Careful identification and meticulous dissection (or avoidance, if possible) of these fine and delicate vessels is critical. They are prone to dissection injury even with minimal manipulation. They may also arise from distal A1 or the proximal A2 branches. Any perforator, no matter how small, is vital and must be preserved to minimize the risk of neuropsychological and memory deficits.

Distal to the origin of the recurrent artery of Huebner and branching off the A2, is the origin of the orbitofrontal artery that courses perpendicular to the gyrus rectus and the olfactory tract, turning toward the orbitofrontal cortex. The orbitofrontal artery is the first branch after Huebner and supplies the gyrus rectus and the olfactory bulb and tract. The frontopolar artery is the second cortical branch of A2, after Huebner, and supplies the frontal pole, travelling along with the A2 within the interhemispheric fissure. There is a risk that these branches, especially the orbitofrontal artery, may be mistaken for the A2 branch because of their anterior course parallel to the floor of the frontal fossa.

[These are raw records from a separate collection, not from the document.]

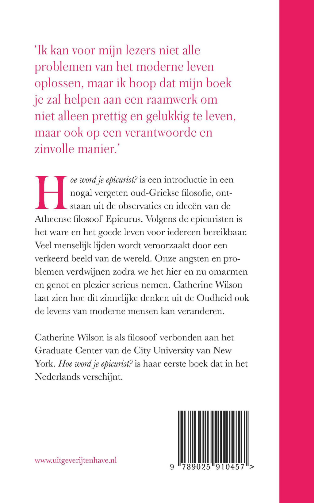 Hoe word je epicurist? is een introductie in een nogal vergeten oud-Griekse filosofie, ontstaan uit de observaties en ideeën van de Atheense filosoof Epicurus. Volgens de epicuristen is het ware en het goede leven voor iedereen bereikbaar. Veel menselijk lijden wordt veroorzaakt door een verkeerd beeld van de wereld. Onze angsten en problemen verdwijnen zodra we het hier en nu omarmen en genot en plezier serieus nemen. Catherine Wilson laat zien hoe dit zinnelijke denken uit de Oudheid ook de levens van moderne mensen kan veranderen.
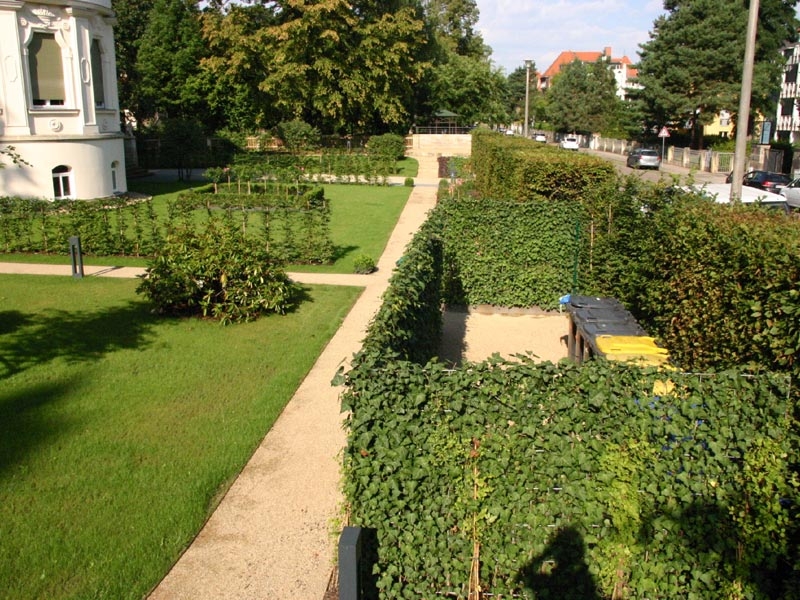 Der Müllplatz verschwindet in unserem Beispielsbild hinter der mobilen Efeuhecke , eine sehr ansprechende Lösung dieses leidigen Themas!
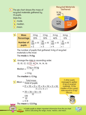 • Guide pupils to obtain important information from the pie chart

The A2 segment has many possible anatomic variants. If one A2 segment supplies both hemispheres, it is referred to as azygous ACA. If there are two A2 segments, but one contributes predominantly to both hemispheres, it is called a bihemispheric ACA. If three A2 segments are found, the third is called an accessory ACA.

Not uncommonly, there may be two or three ACoAs (often a plexus.) Such fenestrated variants should be recognized during dissection of the ACoA; clip application should avoid sacrificing a functional segment of the ACoA and its associated perforators. Most commonly, the aneurysm is situated on the most distal ACoA. These anatomic variations may not be readily visible on preoperative imaging, especially on CTA, and should therefore be sought after intraoperatively.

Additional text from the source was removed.